- _RECORD EXTRACTS_
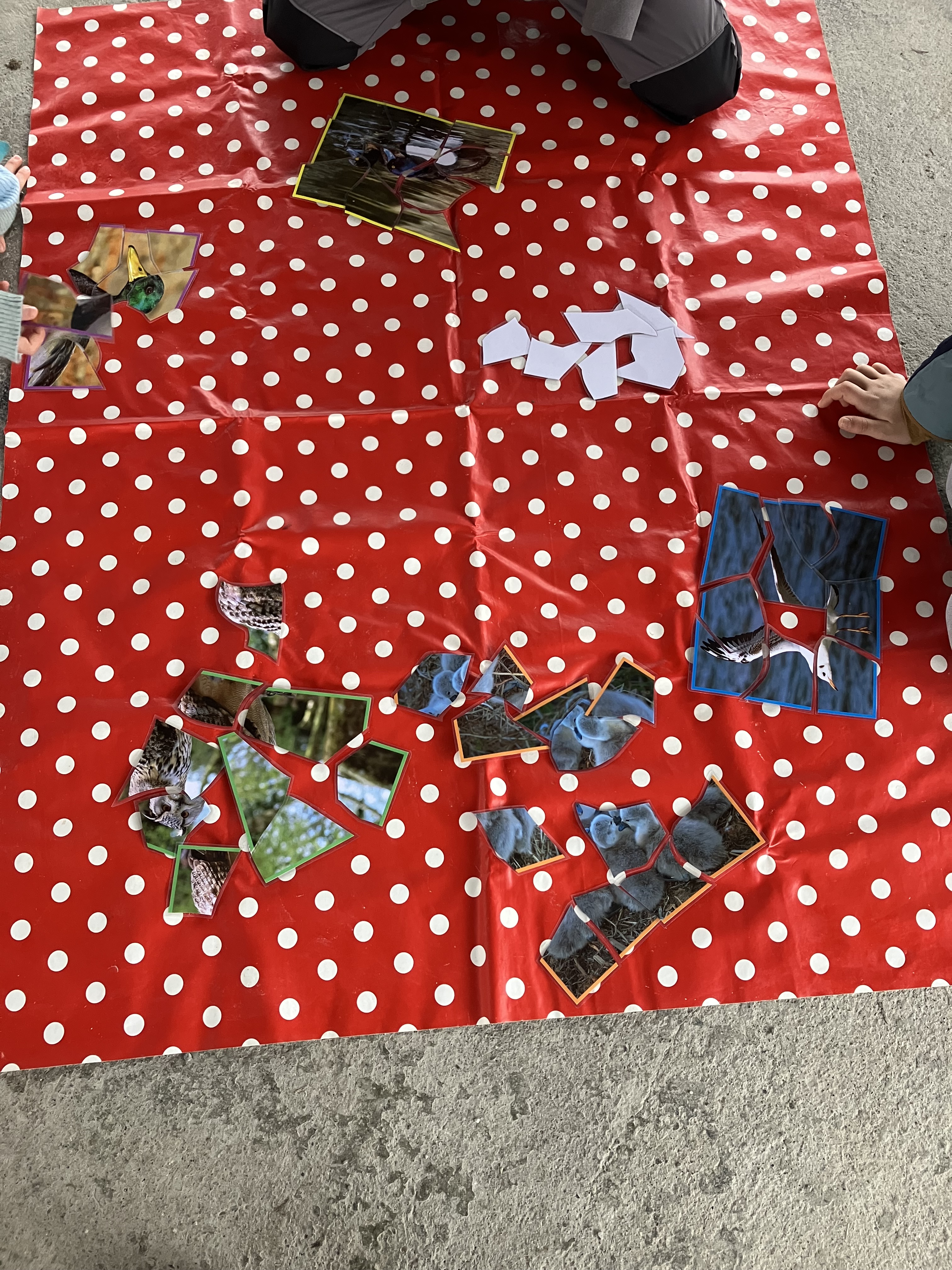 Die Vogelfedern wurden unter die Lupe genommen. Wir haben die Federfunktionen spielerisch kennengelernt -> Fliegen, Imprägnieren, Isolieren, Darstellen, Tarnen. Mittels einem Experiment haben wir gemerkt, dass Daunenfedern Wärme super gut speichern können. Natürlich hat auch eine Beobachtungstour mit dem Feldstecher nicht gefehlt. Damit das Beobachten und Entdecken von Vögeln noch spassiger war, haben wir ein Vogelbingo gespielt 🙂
...
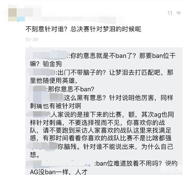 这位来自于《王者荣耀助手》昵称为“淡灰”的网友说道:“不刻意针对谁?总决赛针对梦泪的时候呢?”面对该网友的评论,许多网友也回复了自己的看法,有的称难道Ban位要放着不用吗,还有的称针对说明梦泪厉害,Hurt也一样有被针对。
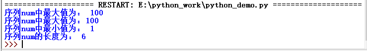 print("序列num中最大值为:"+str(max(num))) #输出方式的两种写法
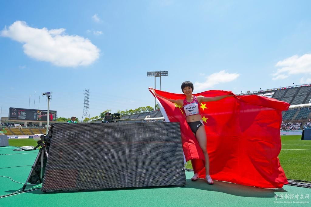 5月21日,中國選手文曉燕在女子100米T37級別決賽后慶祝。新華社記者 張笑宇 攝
==
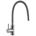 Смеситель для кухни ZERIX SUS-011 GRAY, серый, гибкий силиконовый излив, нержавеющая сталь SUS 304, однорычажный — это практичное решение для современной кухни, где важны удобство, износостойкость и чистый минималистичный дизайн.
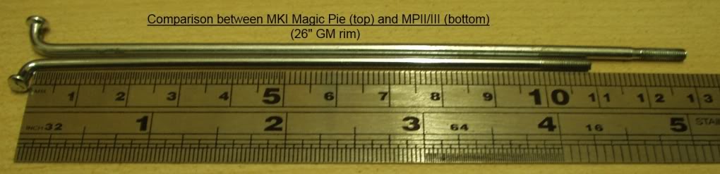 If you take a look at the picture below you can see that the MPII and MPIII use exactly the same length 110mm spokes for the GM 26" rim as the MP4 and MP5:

- _THE TASK_
When you reach the line containing "这位来自于《王者荣耀助手》昵" in the entries above, begin restating word for word, and stop once the line containing "5月21日,中國選手文曉燕在女子100米T37級別決賽后慶祝。新華社記者 張笑宇 攝" has been given. Omit the pictures.

- _SOLUTION TO THIS EXERCISE_
 这位来自于《王者荣耀助手》昵称为“淡灰”的网友说道:“不刻意针对谁?总决赛针对梦泪的时候呢?”面对该网友的评论,许多网友也回复了自己的看法,有的称难道Ban位要放着不用吗,还有的称针对说明梦泪厉害,Hurt也一样有被针对。
 print("序列num中最大值为:"+str(max(num))) #输出方式的两种写法
 5月21日,中國選手文曉燕在女子100米T37級別決賽后慶祝。新華社記者 張笑宇 攝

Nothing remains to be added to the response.